Liang XH, Crooke ST - Nucleic Acids Res. (2011)

Bottom Line: Here, we show that depletion of key proteins of the RISC pathway by antisense oligonucleotides significantly impairs pre-rRNA processing in human cells.Both Dicer and Ago2 were detected in the nuclear fraction, and reduction of Dicer altered the structure of the nucleolus, where pre-rRNA processing occurs.Together, these results suggest that Drosha and Dicer are implicated in rRNA biogenesis.

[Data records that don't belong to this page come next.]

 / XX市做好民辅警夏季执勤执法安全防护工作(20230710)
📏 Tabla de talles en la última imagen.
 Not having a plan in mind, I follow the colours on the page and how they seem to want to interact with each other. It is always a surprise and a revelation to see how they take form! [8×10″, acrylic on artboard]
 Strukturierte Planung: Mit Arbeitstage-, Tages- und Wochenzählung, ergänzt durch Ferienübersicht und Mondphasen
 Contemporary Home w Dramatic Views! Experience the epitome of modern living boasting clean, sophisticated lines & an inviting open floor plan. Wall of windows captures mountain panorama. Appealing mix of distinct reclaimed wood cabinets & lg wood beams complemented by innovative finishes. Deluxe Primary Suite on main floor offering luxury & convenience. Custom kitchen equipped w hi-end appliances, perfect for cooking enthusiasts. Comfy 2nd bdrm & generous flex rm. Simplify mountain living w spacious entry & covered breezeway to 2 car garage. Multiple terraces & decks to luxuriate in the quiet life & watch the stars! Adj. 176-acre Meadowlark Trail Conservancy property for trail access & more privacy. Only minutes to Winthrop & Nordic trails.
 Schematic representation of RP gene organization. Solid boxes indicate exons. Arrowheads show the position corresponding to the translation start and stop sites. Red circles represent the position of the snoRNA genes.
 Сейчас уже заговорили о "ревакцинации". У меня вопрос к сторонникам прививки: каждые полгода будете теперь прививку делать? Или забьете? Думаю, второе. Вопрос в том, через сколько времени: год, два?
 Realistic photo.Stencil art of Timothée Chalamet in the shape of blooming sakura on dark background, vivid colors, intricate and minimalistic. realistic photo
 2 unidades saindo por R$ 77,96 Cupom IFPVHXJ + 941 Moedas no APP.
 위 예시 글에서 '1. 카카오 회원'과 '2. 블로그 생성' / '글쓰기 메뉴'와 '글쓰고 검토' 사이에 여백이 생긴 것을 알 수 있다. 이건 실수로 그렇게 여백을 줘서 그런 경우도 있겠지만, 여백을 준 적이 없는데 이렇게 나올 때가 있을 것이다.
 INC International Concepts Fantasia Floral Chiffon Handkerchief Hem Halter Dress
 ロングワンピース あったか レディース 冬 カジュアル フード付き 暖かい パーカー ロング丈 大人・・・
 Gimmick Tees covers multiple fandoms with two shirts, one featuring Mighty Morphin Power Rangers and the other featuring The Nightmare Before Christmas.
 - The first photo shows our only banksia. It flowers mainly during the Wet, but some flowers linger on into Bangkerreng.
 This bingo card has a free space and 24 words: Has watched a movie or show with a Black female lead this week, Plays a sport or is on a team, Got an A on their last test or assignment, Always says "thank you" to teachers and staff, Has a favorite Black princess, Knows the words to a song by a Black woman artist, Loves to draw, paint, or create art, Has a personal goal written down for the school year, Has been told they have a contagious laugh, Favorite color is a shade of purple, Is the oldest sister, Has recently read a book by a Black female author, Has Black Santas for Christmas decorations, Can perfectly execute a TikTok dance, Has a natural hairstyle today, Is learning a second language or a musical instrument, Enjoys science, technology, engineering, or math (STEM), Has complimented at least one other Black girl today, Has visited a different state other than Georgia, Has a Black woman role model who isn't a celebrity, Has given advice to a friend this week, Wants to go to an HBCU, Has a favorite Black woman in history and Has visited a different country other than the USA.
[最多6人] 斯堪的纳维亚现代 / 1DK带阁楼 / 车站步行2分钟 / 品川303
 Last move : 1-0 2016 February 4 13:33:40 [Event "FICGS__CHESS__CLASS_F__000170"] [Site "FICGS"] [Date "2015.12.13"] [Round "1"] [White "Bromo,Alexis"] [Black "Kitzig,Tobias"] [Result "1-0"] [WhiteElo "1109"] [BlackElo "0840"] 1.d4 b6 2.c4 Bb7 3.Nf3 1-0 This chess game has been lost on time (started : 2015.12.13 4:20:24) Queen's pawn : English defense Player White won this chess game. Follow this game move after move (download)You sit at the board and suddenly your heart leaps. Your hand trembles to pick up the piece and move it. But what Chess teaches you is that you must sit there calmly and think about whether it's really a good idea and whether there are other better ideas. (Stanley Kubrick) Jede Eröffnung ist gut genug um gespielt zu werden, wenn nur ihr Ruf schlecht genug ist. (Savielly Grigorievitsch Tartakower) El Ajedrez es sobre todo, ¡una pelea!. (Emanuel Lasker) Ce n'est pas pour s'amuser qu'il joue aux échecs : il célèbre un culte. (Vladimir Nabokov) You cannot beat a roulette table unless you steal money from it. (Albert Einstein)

View Article: PubMed Central - PubMed

Affiliation: Department of Core Antisense Research, ISIS Pharmaceuticals, Inc., 1896 Rutherford Rd, Carlsbad, CA 92008, USA. lliang@isisph.com

ABSTRACT
Little is known about whether components of the RNA-induced silencing complex (RISC) mediate the biogenesis of RNAs other than miRNA. Here, we show that depletion of key proteins of the RISC pathway by antisense oligonucleotides significantly impairs pre-rRNA processing in human cells. In cells depleted of Drosha or Dicer, different precursors to 5.8S rRNA strongly accumulated, without affecting normal endonucleolytic cleavages. Moderate yet distinct processing defects were also observed in Ago2-depleted cells. Physical links between pre-rRNA and these proteins were identified by co-immunoprecipitation analyses. Interestingly, simultaneous depletion of Dicer and Drosha led to a different processing defect, causing slower production of 28S rRNA and its precursor. Both Dicer and Ago2 were detected in the nuclear fraction, and reduction of Dicer altered the structure of the nucleolus, where pre-rRNA processing occurs. Together, these results suggest that Drosha and Dicer are implicated in rRNA biogenesis.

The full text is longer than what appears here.